Advance praise: 'A comprehensive exposition of random processes ... Abstract concepts are nicely explained through many examples ... The book will be very helpful for beginning graduate students who want a firm foundational understanding of random processes. It will also serve as a nice reference for the advanced reader.' Anima Anandkumar, University of California, Irvine Advance praise: 'This is a fantastic book from one of the eminent experts in the field, and is the standard text for the graduate class I teach in [electrical and computer engineering] ... The material covered is perfect for a first-year graduate class in probability and stochastic processes.' Sanjay Shakkottai, University of Texas, Austin Advance praise: 'This is an excellent introductory book on random processes and basic estimation theory from the foremost expert and is suitable for advanced undergraduate students and/or first-year graduate students who are interested in stochastic analysis. It covers an extensive set of topics that are very much applicable to a wide range of engineering fields.' Richard La, University of Maryland Advance praise: 'I was fortunate to have a mature draft of [this] book when I introduced a stochastic processes course to my department ... [It] provides an entirely accessible introduction to the foundations of stochastic processes ... the students in my course enjoyed Hajek's introduction to measure theory, and ... could appreciate the value of the abstract concepts introduced at the start of the text. It includes applications of this general theory to many topics that are of tremendous interest to students and practitioners, such as nonlinear filtering, statistical methods such as the EM-algorithm, and stability theory for Markov processes. Because the book establishes strong foundations, in a course it is not difficult to substitute other applications, such as Monte-Carlo methods or reinforcement learning. Graduate students will be thrilled to learn these exciting techniques from an accessible source.' Sean Meyn, University of Florida

Author Information

Bruce Hajek has been an avid student, instructor, and user of probability theory for his entire career.

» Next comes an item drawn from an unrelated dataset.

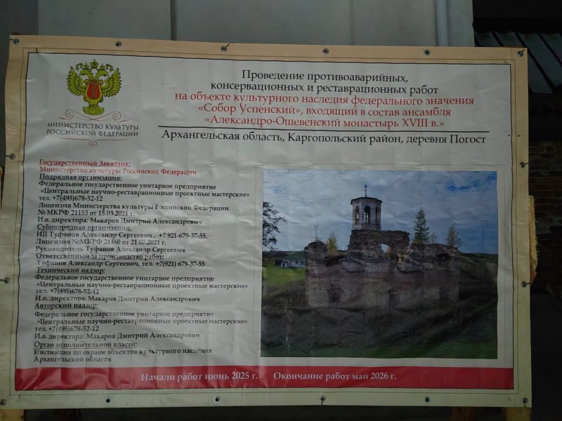 Консервация Успенского собора.26.12.2025 Поделиться:В Каргопольском районе начались работы по консервации Успенского собора Александро- Ошевенского монастыря. Фото: игумена Феодосия (Курицына).

He is the Mary Lou and Leonard C. Hoeft Chair of Engineering, Center for Advanced Study Professor of Electrical and Computer Engineering, and Professor in the Coordinated Science Laboratory at the University of Illinois. Among his many awards, he is a member of the US National Academy of Engineering and a recipient of the IEEE Koji Kobayashi Computers and Communications Award. He is co-author, with E. Wong, of the more advanced classic book, Stochastic Processes in Engineering Systems, 2nd edition (1985).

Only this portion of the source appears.